When it comes to fantasy, the magic system is often very central. If not to the plot itself the options available to characters often rely on rules and restrictions of their magic systems. There are two main types of ways (and many points between those two) authors handle those limitations to their characters. One is by having a rigorous magic system with it’s own internally consistent rules. It in essence becomes another type of technology that gives predictable outcomes if one takes specific steps to achieve them. The other is magic more as mystery or a story device. If you treat it this way it seems like a capricious force that achieves things without the reader or character being able to know why, or the character being able to replicate the same effect again.
A lot of older fantasy fiction and myths occur like the later description. Magic in stories was a way to have the mysterious or even frightening happen.
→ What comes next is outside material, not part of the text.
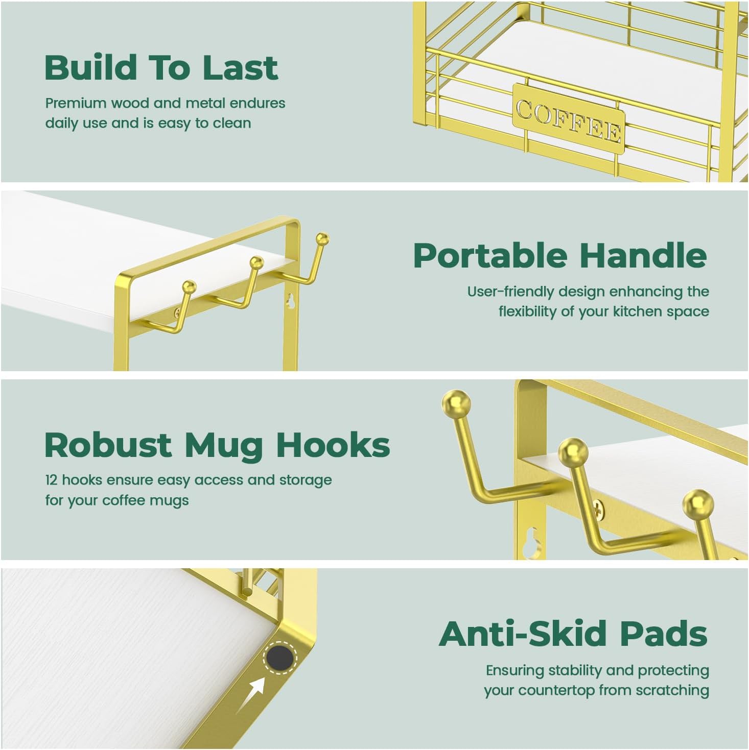 EsLuker.ly Coffee Mug Cup Holder Tree Bar Station Organizer, 2 Tier Mug Stand Rack for Countertop Kitchen, Storage Tower Display Shelf with 12 Hooks, Coffee Nook Enhancer, White-Gold

Those that could use it would be rare, and follow more the paths of a mythological hero than anything else. Early fantasy fiction followed this. For example Gandalf as a wizard does very little that the modern day would consider “magical” in the Lord of the Rings. He fights with his sword more than anything else, and most of his wizard abilities were small, illusory, or using obscure lore. He could however suddenly do things completely unexpected and not foreshadowed, like essentially coming back from the dead. Even greek and norse gods seemed to only have the abilities that fit the needs of the specific tales they were in. The one exception to this was at times magic items would do the same things every time, whether it be a ring of invisibility or a spear that causes thrones to sprout out of it’s target.
Modern fantasy seems to be more informed by the fact that many of its readers have been role playing gamers, or played video games or other media which are influenced by specific rules. There is still some leeway for surprise effects, like letting a character have fire magic without codifying each and every use of this before it happens. Then the mage who normally throws fireballs at its enemy can summon a firestorm and go unconscious from the fire during he final battle (or even burn themselves up) without it seeming “deus ex machine” or to occur by fiat. Some authors (such as Brandon Sanderson) might add appendixes so you know exactly the limitations and abilities of each “branch” of fantastical powers available.
Whichever you choose, it’s best to stick to one of them, or whatever place you decided in between, the whole series. If people can use their abilitiesonly in certain logical ways most of the times, but at key story climax times unexpected capricious things happen it can leave a reader feeling frustrated.
The mysterious version is best if you want the characters themselves and most of the denizens of their world afraid or awed by magic. If almost no one knows how it works then it gives a feeling of amazement when it does show, or if it works differently every time even those using it cannot rely on it for they do not know what effects will happen when they use it. Many dark fantasies like Game of Thrones and Chronicles of Covenant make magic either rare or capricious, so that no one relies on it for they never know what outcomes will happen. If a main character uses it even they should be afraid to use those abilities for dark consequences may happen.
Those that want to build a world different but similar enough to our own will often choose to have their magic systems following laws our minds can understand. As stated before this is common to those who come to fantasy from genres outside of older literature (comics, video and role playing games, similarities to some sciences, etc) often expect it. In these worlds magic is less a taboo dark force than it is a consistent tool that just could not exist in our own universe. This is a great system to use when also crating world with culture or flavors like our own (something that feels Victorian, renaissance Italian, ancient Celtic), etc sicne our minds accept it in the same way we would accept a weapon or other tool a culture uses that we do not.
Poll:
What is your preference for magic systems in your fantasy literature?
1)Open and unreliable
2)Defined and methodical
3)Whatever works for the book it is in since as long as it is consistent.
4)Don’t care at all.
Book Update:
I am probably about 60% through the first draft of Rise From the Sun Below, the second Allmother’s Fire book. In the conceptual stage I am deciding what series to do next, between two different series, and a standalone book idea.
World Info:
Bodies of water are an interesting thing in this universe. There are no oceans, so most water is confined to well spots or occasionally canals and streams. Streams do go off the island, but instead of falling down into the Sun Below they careen back to the under portions of the island and then go back into the steams and different points. If one wanted to they could try to pilot a small boat of the side of an island, but no knows if they would make it back up the island again, or careen down into the sun below.
A few islands actually have large lakes, and this is the closest anyone in the universe has to Oceans. There are tales of islands that have lakes large enough to be similar to our Oceans, yet no one has ever been able to map how to go there, so it may just be a tale. It is certainly spoken of in the past of lakes large enough to be Oceans, and if this is not true then it is curious why airships looks almost exactly like ships that in our world would cross the Oceans. Some whisper that this is just one more mystery suppressed by the Allmother’s church.